The testis was bivalved to show a hemorrhagic, well-defined, soft, dark red lesion (figure 3).

Scrotal ultrasound:

Gross image:

Micro images:

Additional images:

What is your diagnosis?

Testicular necrotizing vasculitis

Microscopic examination of the lesion revealed focal hemorrhage with early organization and small arteries around the area of hemorrhage showing necrotizing vasculitis.

Necrotizing vasculitis is a systemic disease which manifests as inflammation of arteries with fibrinoid necrosis and fibrosis of the vascular wall. It can be associated with a variety of other entities or may be idiopathic (Cardiovascular Pathology 1994;3:197). While necrotizing vasculitis can involve any organ (PubMed Health), isolated testicular involvement is rare and can pose diagnostic difficulties, especially in the absence of clinical and laboratory evidence of systemic involvement (World J Surg Oncol 2011;9:63).

Polyarteritis nodosa (PAN) is the most common form of testicular vasculitis, predominantly seen in the fourth to sixth decades of life. It is often associated with hepatitis B virus and human immunodeficiency virus. Although 60% to 86% of patients with PAN show testicular involvement at autopsy (ScientificWorldJournal 2010;10:1915), testicular symptoms are present in less than 20% of patients (Hum Pathol 1988;19:186). Other vasculitides that may involve the testes include granulomatosis with polyangiitis (Wegener's), Henoch-Schonlein purpura, giant cell arteritis and various autoimmune connective tissue disorders such as systemic lupus erythematosis (J Urol 2006;176:2682).

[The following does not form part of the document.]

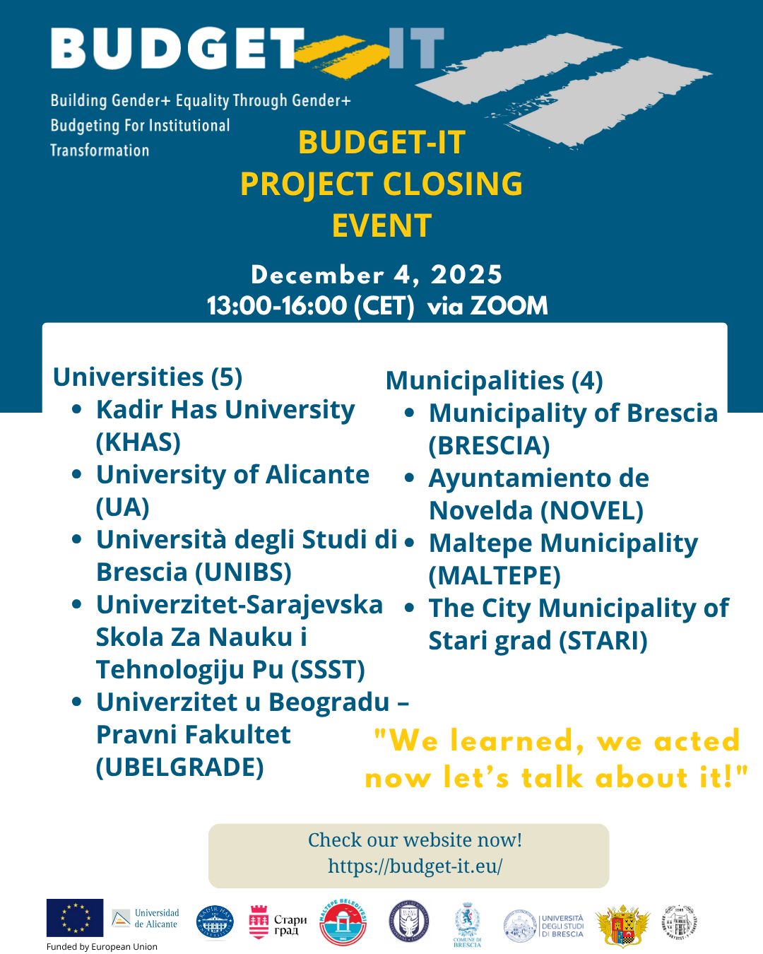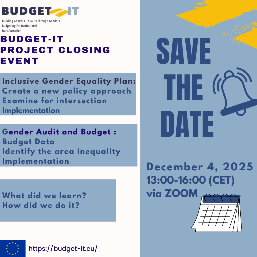 We are pleased to invite you to the Closing Event of the BUDGET-IT Project, where we will celebrate the achievements, share key outcomes, and reflect on the journey we’ve taken together. 📅 Date: December 4, 2025🕒 Time: 13:00-16:00 CET📍 Location: Online–ZOOM Over the course of the project, BUDGET-IT has aimed support gender equality through the development of gender+ equality plans and gender+…

Testicular vasculitis can present with acute onset of pain and swelling, presumably related to intra-testicular hemorrhage (Ir Med J 2006;99:27). Systemic disease is frequently already present at the time of initial presentation of testicular vasculitis or develops shortly thereafter. Some cases, however, remain isolated to the testes with no evidence of progression to systemic disease (J Clin Pathol 1994;47:1121). It is, therefore, unclear whether isolated testicular vasculitis represents an early site of involvement by systemic disease or a separate entity (World J Surg Oncol 2011;9:63). Only several cases of isolated testicular vasculitis were reported in the literature and a presentation suggestive of a testicular neoplasm is even less common (J Clin Pathol 1994;47:1121). Since testicular biopsy is contraindicated when malignancy is suspected, the diagnosis is usually reported post-orchiectomy in these cases (ScientificWorldJournal 2010;10:1915, Urology 2003;61:1035).

Treatment options are still debated and frequently hinge on individual factors which need to be carefully considered in each patient. Immunosuppressive therapy has been administered to some of the patients. In other cases, careful follow-up to exclude progression to systemic disease was preferred (J Clin Pathol 1994;47:1121). Some authors have even postulated that the excision of the affected organ might be curative, obviating the need for pharmacologic therapy (ScientificWorldJournal 2010;10:1915). Close follow-up, including serology, is recommended since the risk of progression to systemic disease is unknown (J Clin Pathol 1994;47:1121).

Although uncommon, isolated necrotizing testicular vasculitis remains in the differential diagnosis of hypovascular testicular lesions. Long-term follow-up and additional research is needed in order to further elucidate the pathogenesis of isolated organ vasculitis and the subsequent risk of disease progression.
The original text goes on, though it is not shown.